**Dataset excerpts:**
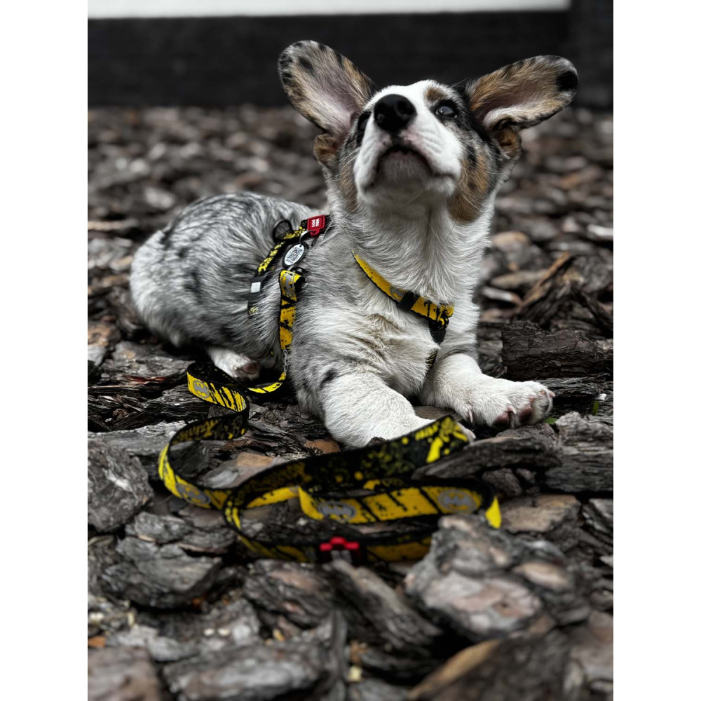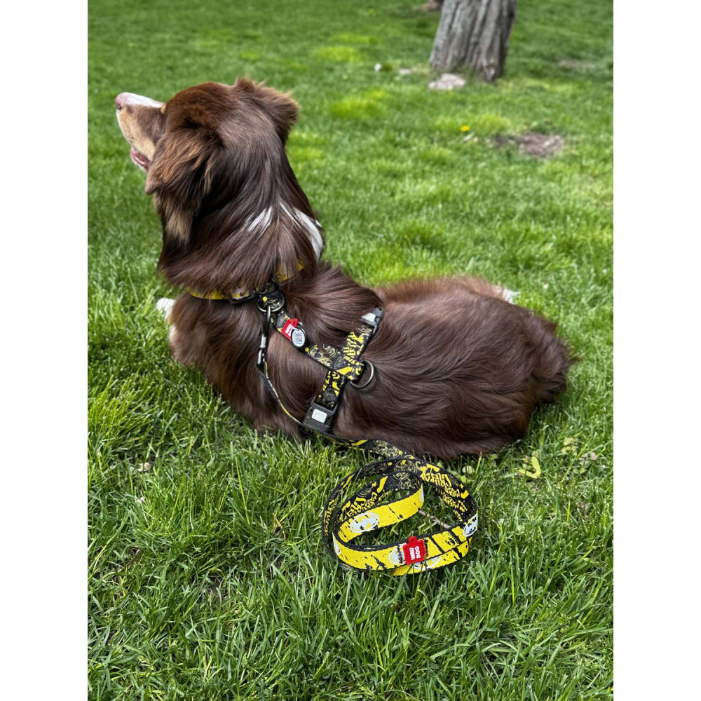 - Вночі: Елементи малюнка відбивають світло фар та ліхтарів. Собака стає видимим для водіїв, що критично важливо для прогулянок біля дороги.
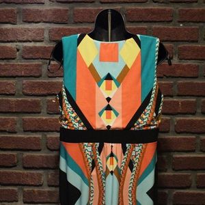 Beautiful, green and orange graphic dress. Sleeveless, high low maxi. Multicolored polyester spandex blend.
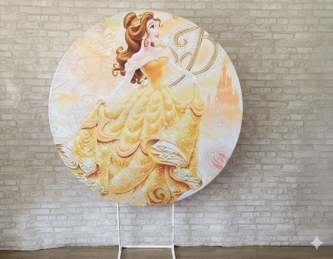 Alugue Estrutura Painel Redondo e a Capa de Tecido do Tema - Bela e a Fera
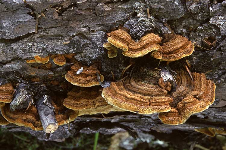 Habitat: En groupes superposés ou imbriqués sur les troncs de conifères, sapins ou épinettes noires, parfois aussi sur les feuillus, d'août à octobre. Rare
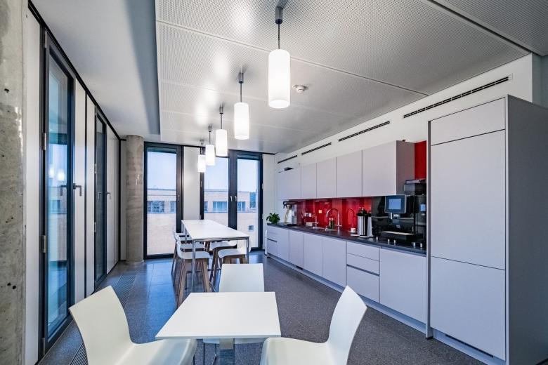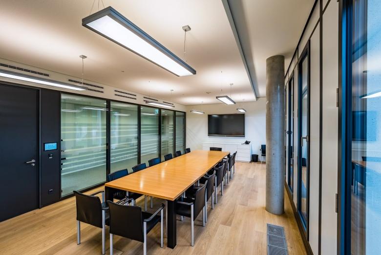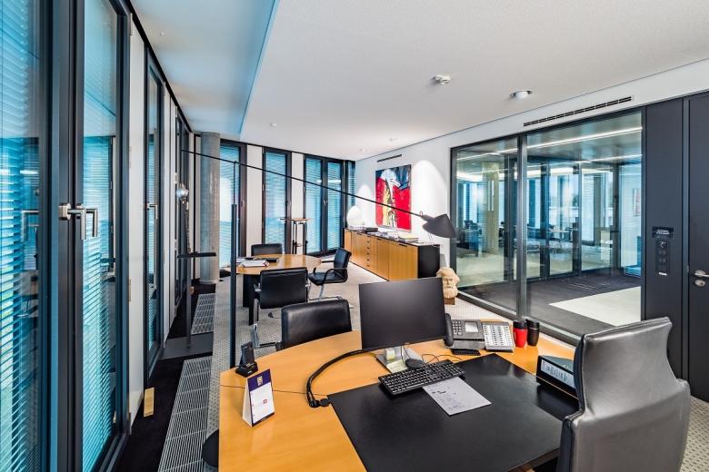 Die Fa. Kiefer wurde bereits in einem frühen Projektstadium zur Sicherstellung der Komfort- und Schallschutzforderungen aller Büro- und Besprechungsräume in die TGA-Planungen eingebunden. Für die Büroräume kamen optisch hochwertige Glas-Systemtrennwände zum Einsatz mit einer kompletten RLT-Installation Zuluft / Abluft incl. der Luftdurchlässe im Bereich des abgehängten Flurkoffers. Die Büros wurden als 3-Achsbüros a 1,35 m ausgebaut und bieten angenehm moderne und helle Arbeitsplätze für je 2 Mitarbeiter. Mit einer Luftmenge von ± 45 m³/h je Mitarbeiter wurde der Qualitätsansatz einer “Guten Raumluftqualität“ umgesetzt - dies entspricht einem ca. 2-fachen Luftwechsel.
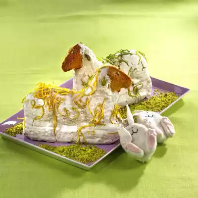 Spread the dough into the tins. Bake in the preheated oven (electric cooker: 175 °C/ convection oven: 150 °C/ gas: level 2) for 50-60 minutes. Leave to rest for 10 minutes, then remove from the mould and allow to cool. Stir icing sugar with egg white and lemon juice until smooth. Brush lambs with it, leaving out faces. Wash limes and lemons well, dab dry. Use a pestle remover to remove fine strips from the limes and lemons. Sprinkle the lambs with them. Stick 2 pistachios on each ear. Coarsely grind the remaining pistachios. Glue 4 corresponding pieces as eyes with a little bit of cast on. Let the icing dry.
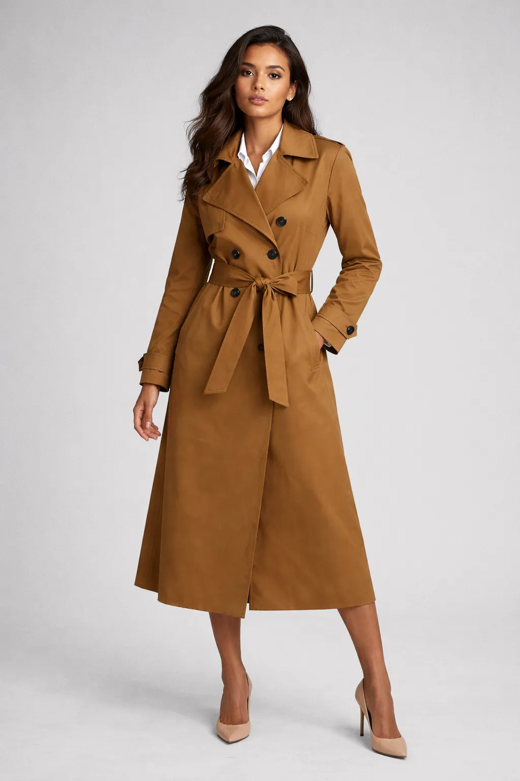 - Classic tailored trench silhouette
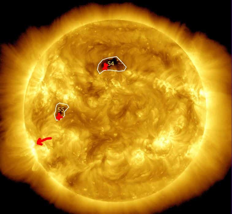 Afb: Zon van donderdag 28-9. Er is 1 rode pijl van de meest actieve zonnevlek, vanaf de rand van de Zon. De vakjes met witte lijnen er omheen en nrs er in, dat zijn de gaten in de corona van de Zon. Die links bovenaan heb ik ingetekend, want die is er wel, maar nog niet ingetekend door de experts.

**Brief:** Omitting the images, transcribe every record exactly.

**Task result:**
 - Вночі: Елементи малюнка відбивають світло фар та ліхтарів. Собака стає видимим для водіїв, що критично важливо для прогулянок біля дороги.
 Beautiful, green and orange graphic dress. Sleeveless, high low maxi. Multicolored polyester spandex blend.
 Alugue Estrutura Painel Redondo e a Capa de Tecido do Tema - Bela e a Fera
 Habitat: En groupes superposés ou imbriqués sur les troncs de conifères, sapins ou épinettes noires, parfois aussi sur les feuillus, d'août à octobre. Rare
 Die Fa. Kiefer wurde bereits in einem frühen Projektstadium zur Sicherstellung der Komfort- und Schallschutzforderungen aller Büro- und Besprechungsräume in die TGA-Planungen eingebunden. Für die Büroräume kamen optisch hochwertige Glas-Systemtrennwände zum Einsatz mit einer kompletten RLT-Installation Zuluft / Abluft incl. der Luftdurchlässe im Bereich des abgehängten Flurkoffers. Die Büros wurden als 3-Achsbüros a 1,35 m ausgebaut und bieten angenehm moderne und helle Arbeitsplätze für je 2 Mitarbeiter. Mit einer Luftmenge von ± 45 m³/h je Mitarbeiter wurde der Qualitätsansatz einer “Guten Raumluftqualität“ umgesetzt - dies entspricht einem ca. 2-fachen Luftwechsel.
 Spread the dough into the tins. Bake in the preheated oven (electric cooker: 175 °C/ convection oven: 150 °C/ gas: level 2) for 50-60 minutes. Leave to rest for 10 minutes, then remove from the mould and allow to cool. Stir icing sugar with egg white and lemon juice until smooth. Brush lambs with it, leaving out faces. Wash limes and lemons well, dab dry. Use a pestle remover to remove fine strips from the limes and lemons. Sprinkle the lambs with them. Stick 2 pistachios on each ear. Coarsely grind the remaining pistachios. Glue 4 corresponding pieces as eyes with a little bit of cast on. Let the icing dry.
 - Classic tailored trench silhouette
 Afb: Zon van donderdag 28-9. Er is 1 rode pijl van de meest actieve zonnevlek, vanaf de rand van de Zon. De vakjes met witte lijnen er omheen en nrs er in, dat zijn de gaten in de corona van de Zon. Die links bovenaan heb ik ingetekend, want die is er wel, maar nog niet ingetekend door de experts.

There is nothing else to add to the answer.